Suppose for the sake of argument, there's a place where everyone has 10 IQ points less, on average, than the West.

The Flynn effect is about 14 points over a few decades.

How do you square those things? Did the West not have a society a few decades ago? Is there some reason you can't have civilization with slightly dumber people? There was a time when kids were malnourished in the west, and possibly dumber as a result. Also, not everyone in society makes decisions. It tends to be very few people, and nobody thinks politicians are intelligent either.

I've never heard an explanation of intelligence that had any actual real-world impact on a scale that matters to society.

The explanation would have to have quite a lot of depth to it, as you have to come up with some sort of theory connecting how people do on a test to whatever you think makes a good society.

In a clean game-theoretic terms, without making any moral or ideological claims about “who is smarter”, we’ll treat underlying advantage as any positional asset (intelligence, wealth, charisma, skill, social capital, etc.). The question is: If a subset of players has an advantage in a repeated, large-group game, how do they best play to maximize payoff and stability?

Here's the strategy chatgpt came up with (amongst many other):

What Not to Say (Avoid These)

Don’t describe intelligence or talent as intrinsic, innate, or permanent. This triggers resentment and identity defense.

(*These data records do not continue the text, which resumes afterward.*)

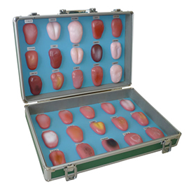 舌苔模型分為30種舌苔,分別為:正常舌苔、淡白舌、淡白胖嫩舌、紅舌、舌紅少津、舌尖紅起刺、絳舌、紫斑舌、紫暗胖舌、淡紫青滑舌、絳紫干焦舌、歪舌、鏡面舌、紅絳裂紋舌、淡胖裂紋舌、薄白苔(舌質(zhì)正常)、薄白苔(舌質(zhì)紅)、薄白微黃苔、白水滑苔、白膩苔、白厚而干苔、薄黃苔、黃膩苔、黃粘膩苔、黃燥苔、焦黃苔、黑而干燥苔、黑而潤滑苔凝聚、雞心苔、花剝苔。
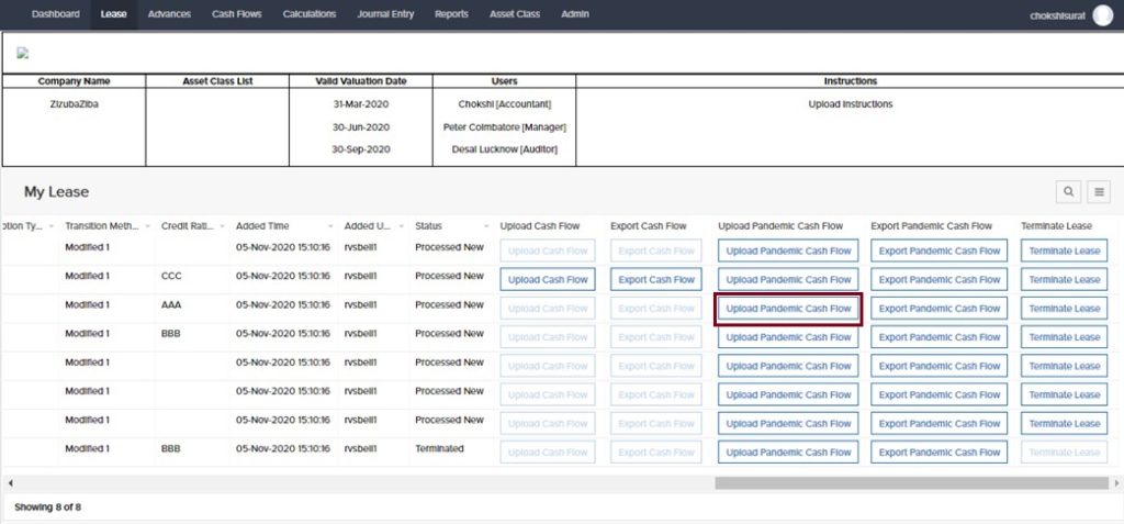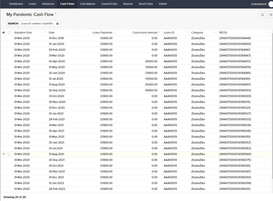 The lessor may provide some relief considering the pandemic situation. If so you can upload the revised cash flows taking into account the concessions so that the system will provide the necessary accounting treatment of the same.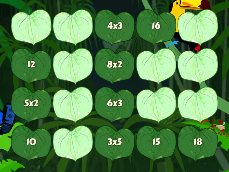 5x2 - 10, 4x3 - 12, 8x2 - 16, 3x5 - 15, 6x3 - 18, 4x6 - 24, 5x4 - 20, 7x3 - 21, 3x3 - 9, 6x5 - 30,
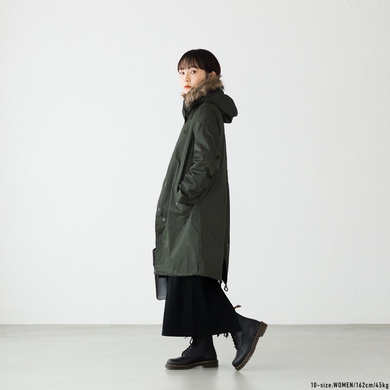 ミリタリーコートにありがちなずっしり感はなく、女性でも着やすい仕様になっています。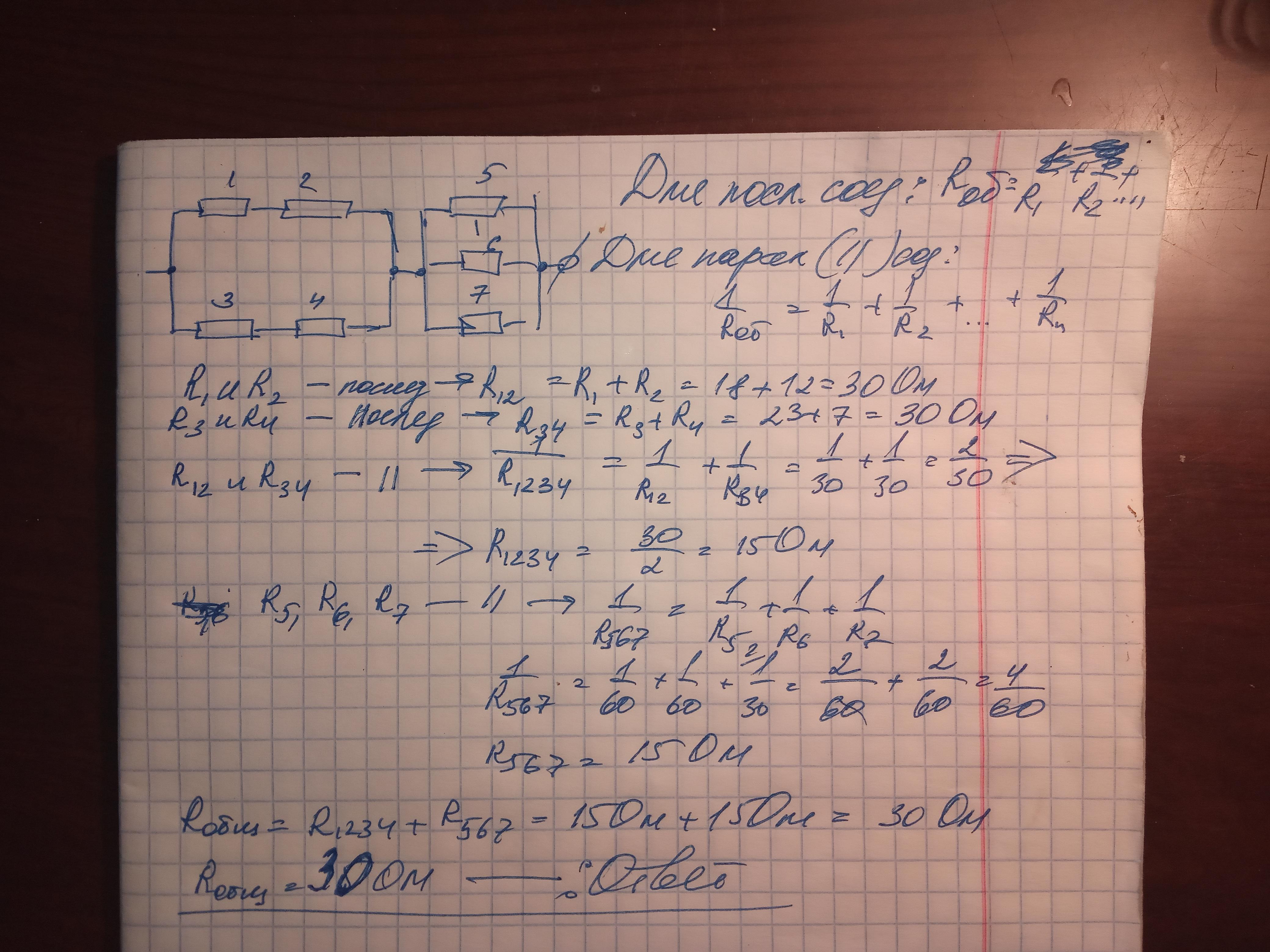 Чему равно общее сопротивление электрической цепи (рис.115), если R1= 18 Ом, R2=12 Ом, R3=23 Ом, R4=7 Ом, R5= 60 Ом, R6=60 Ом, R7=30 Ом? 10-11 класс
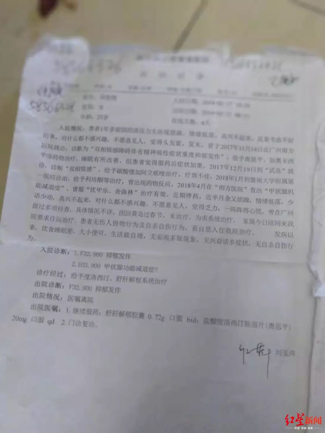 据南方医科大学南方医院2017年11月诊断显示:双相情感障碍伴有精神性症状重度抑郁发作。之后吴依然分别在“武总”、暨南大学附属第一医院、中山附属三院心理科就诊过。2019年1月,看完病后,吴女士决定把女儿从广州接回青岛家中照顾。
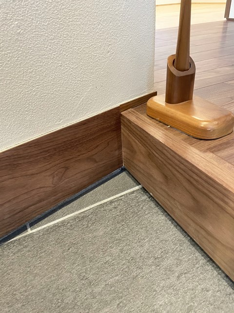 室内からくる巾木が自然とつながるように玄関巾木を上がり框の高さと巾木高さの合計高さに合わせて
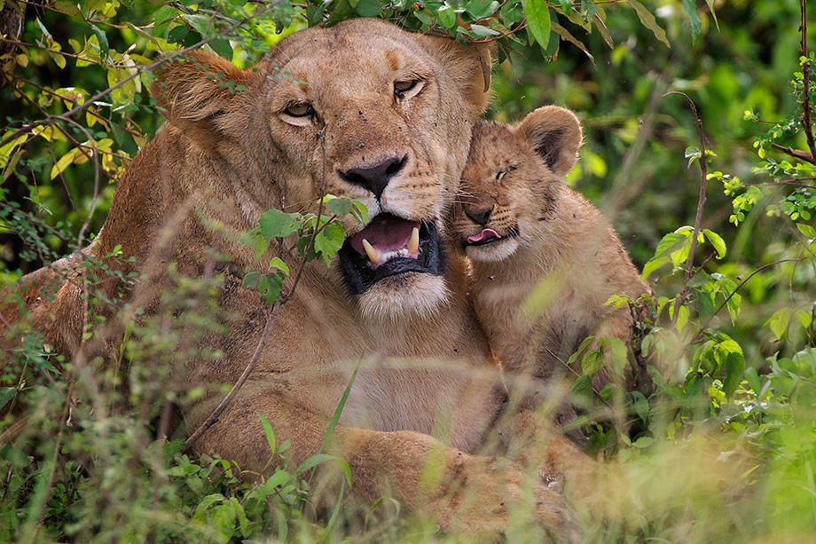 In honor of my mother, whose birthday it is today, I had to go with a mother/baby shot. These two lions were temporarily separated from the rest of the pride — the mom guarding a wildebeest kill she had just made. The baby kept nuzzling up to the mom, but every now and again — probably bored because there was no one else to play with — would come out of the bushes to investigate us. Happy Birthday Mom.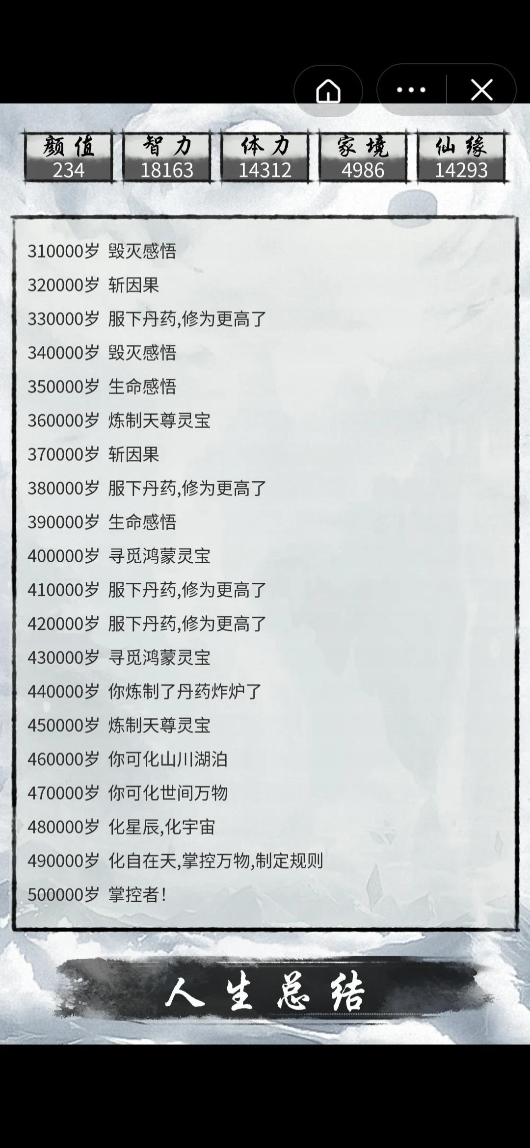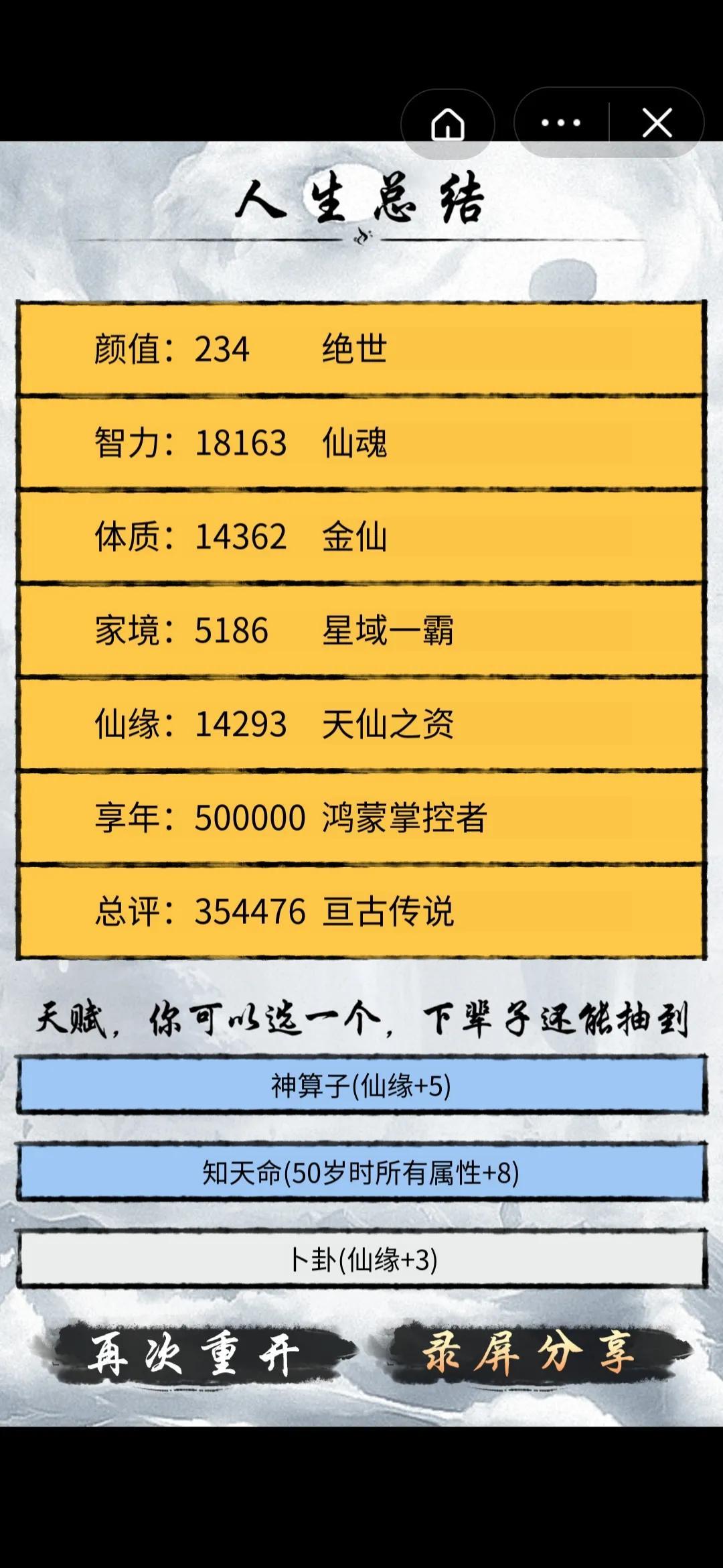 我开局把四个属性平均每个都放入五个属性点,然后再随便选择了一些天赋,没想到居然……我活了50万岁!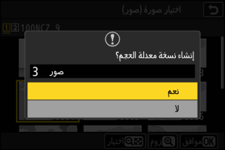 لاحظ أنه يجب استخدام الخيار [] مع النسخ التي تم إنشاؤها باستخدام الخيار [] ومع الصور الملتقطة باستخدام الخيار [] في قائمة تصوير الصور.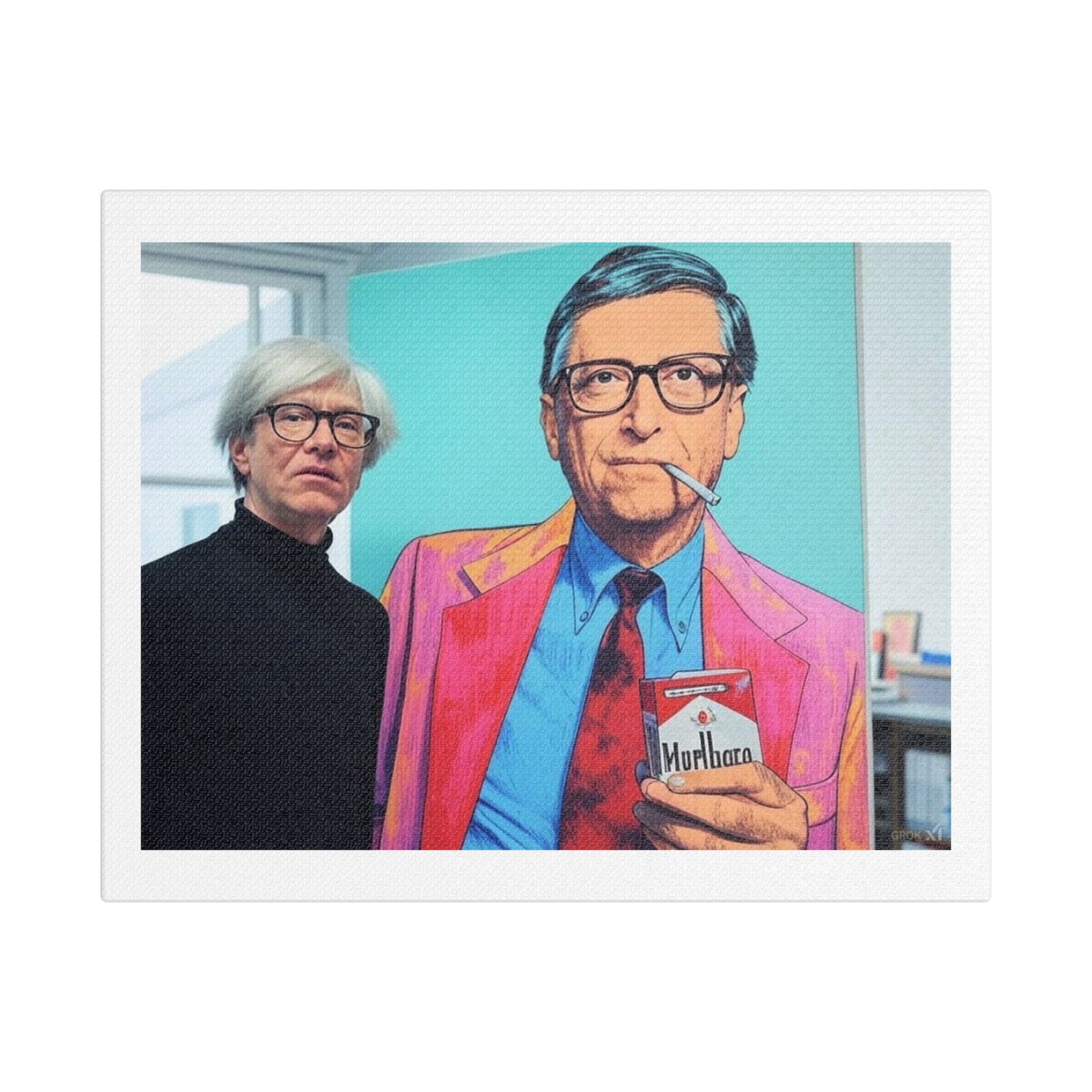 Andy Warhol at the Exhibition of his Iconic Bill Gates Marlboro Advertisement Series, Art Print 'Designed by AI' on Canvas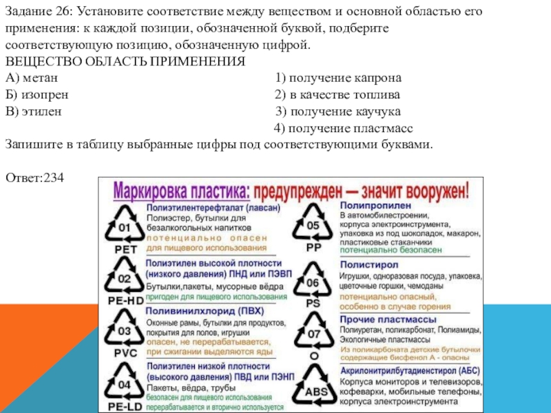 Слайд 11Задание 26: Установите соответствие между веществом и основной областью его

Don’t use language that signals “I am ahead of you.”

Don’t use your advantage to win every interaction—save leverage for important conflicts.

People tolerate talent. They hate being made aware of being lower in the hierarchy.

_____

Is it possible the backlash to Watson could be viewed from this game theocratic perspective, and not that he was racist and wrong?

Hmmm, let's see.

How many people died in wars in the 20th century? How many of them did NOT originate in Europe and Asia?

How much of climate change that has fouled up the earth we depend is NOT attributable to economic activity in the west?

Is there a western/Asian country where late-stage capitalism and the devaluation of of the common has not taken hold?

I could go on...

Are these evidence of intelligence? This is not a rhetorical question.

arguably I'd say wars can be generally indicative of intelligence. Higher-ability groups are more likely to choose war when their greater power raises the expected payoff of fighting. Climate change is also related to intelligence as it can argued that the more advance societies do end up consuming/producing more and thus create more Climate related waste. The end result of it might not be desirable, but probably something these advance societies can deal with.

I'm not sure I understand your point around late-stage capitalism and the devaluation of the common...

Are you really arguing that the western world has not been more advanced?

The European/Asian wars of the 20th century (ironically started by people who thought of themselves as superior races) wiped out ten of millions of lives and an untold amount of wealth. It led to the collapse of entire empires and nations. Surely you are not claiming that the wars were a net positive, are you? One indicator of a lack of intelligence is engaging in actions that are against your own interests.

Also, with climate change, may I remind you of quote from Agent Smith in the Matrix trilogy:

> I'd like to share a revelation during my time here. It came to me when I tried to classify your species. I realized that you're not actually mammals. Every mammal on this planet instinctively develops a natural equilibrium with the surrounding environment but you humans do not. You move to an area and you multiply and multiply until every natural resource is consumed. The only way you can survive is to spread to another area. There is another organism on this planet that follows the same pattern. Do you know what it is? A virus. Human beings are a disease, a cancer of this planet.

Industrialization followed this pattern. Shitting where you live is a textbook case of stupid.

> The end result of it might not be desirable, but probably something these advance societies can deal with.

The people dying in extreme floods and fires tell me otherwise, and it's likely only going to get worse.

> whereas all the testing says not really

This part is (still) true. Is that fact racist?